_SUPPLIED INFORMATION_
▬▬▬▬▬▬
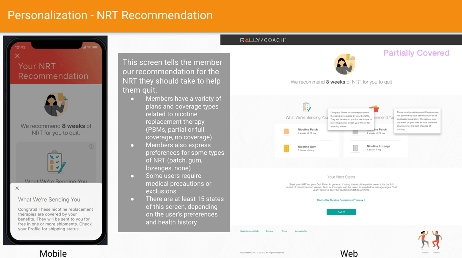 Created the Rally Coach style guide defining 20+ terms with usage rules and legal guidance. Established warm, encouraging tone principles that balanced clinical credibility with genuine human warmth.
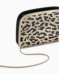 Satin clutch bag in a style that recalls a '90s aesthetic, made distinctive by laser-cut gold-coloured metal plates with an animal print. The bag retains its iconic shape, with rounded lines and darts at the corners, and features light-gold metal plating and a practical, detachable metal chain. Concealed magnetic closure Detachable shoulder chain Light gold-finish metal plating Animal-print motif with laser-cut gold-coloured metal plate Measurements: 21 x 4 x 15 cm Made in Italy Product Code: GW001000AF16353U8070
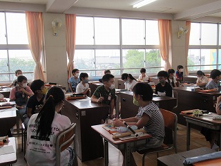 4年2組が、音楽室で音楽の授業を行っていました。リコーダーのテストです。がんばって演奏できました。
▬▬▬▬▬▬
Without the pictures, output the full listing exactly as it stands.

_TASK RESULT_
 Created the Rally Coach style guide defining 20+ terms with usage rules and legal guidance. Established warm, encouraging tone principles that balanced clinical credibility with genuine human warmth.
 Satin clutch bag in a style that recalls a '90s aesthetic, made distinctive by laser-cut gold-coloured metal plates with an animal print. The bag retains its iconic shape, with rounded lines and darts at the corners, and features light-gold metal plating and a practical, detachable metal chain. Concealed magnetic closure Detachable shoulder chain Light gold-finish metal plating Animal-print motif with laser-cut gold-coloured metal plate Measurements: 21 x 4 x 15 cm Made in Italy Product Code: GW001000AF16353U8070
 4年2組が、音楽室で音楽の授業を行っていました。リコーダーのテストです。がんばって演奏できました。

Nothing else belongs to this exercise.